──────── Data segment ────────
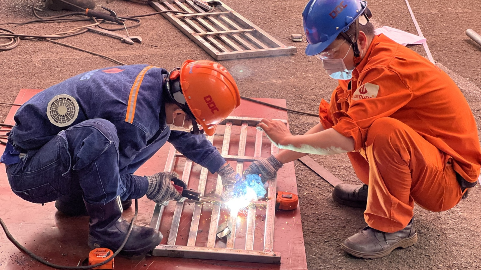Đo đạc hiện trường, hàn lắp, sơn chống trượt.
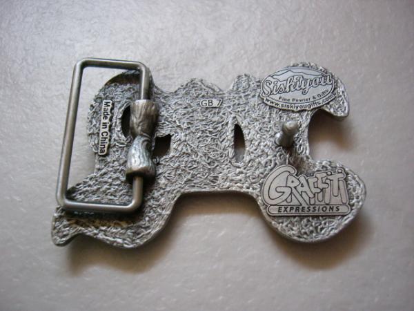 ジューシー・バックル。最高峰のバックルブランドシシキョウ社、GRAFFITI部門製が作っています。美しい模造石が埋め込まれています。84mmx58mm、104gほど。ベルト幅43mmくらいまで。新品ですがバックルには製造・流通過程で小傷などがある場合がございます。苦情・返品なしでお願いいたします。ゆうパック60サイズ、レターパックプラス、レターパックライト、定形外郵便(保障なし)による発送が可能でございます。
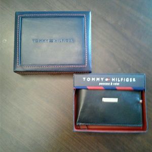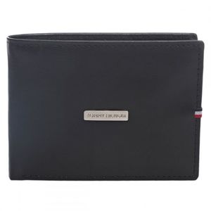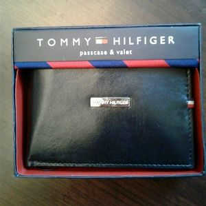 Bi-fold pass case wallet with silver-tone Tommy Hilfiger metal nameplate and stitching details.
────────
> Work to complete
Would you write out all of the data exactly as it stands, without the pictures?

> Task output
Đo đạc hiện trường, hàn lắp, sơn chống trượt.
 ジューシー・バックル。最高峰のバックルブランドシシキョウ社、GRAFFITI部門製が作っています。美しい模造石が埋め込まれています。84mmx58mm、104gほど。ベルト幅43mmくらいまで。新品ですがバックルには製造・流通過程で小傷などがある場合がございます。苦情・返品なしでお願いいたします。ゆうパック60サイズ、レターパックプラス、レターパックライト、定形外郵便(保障なし)による発送が可能でございます。
 Bi-fold pass case wallet with silver-tone Tommy Hilfiger metal nameplate and stitching details.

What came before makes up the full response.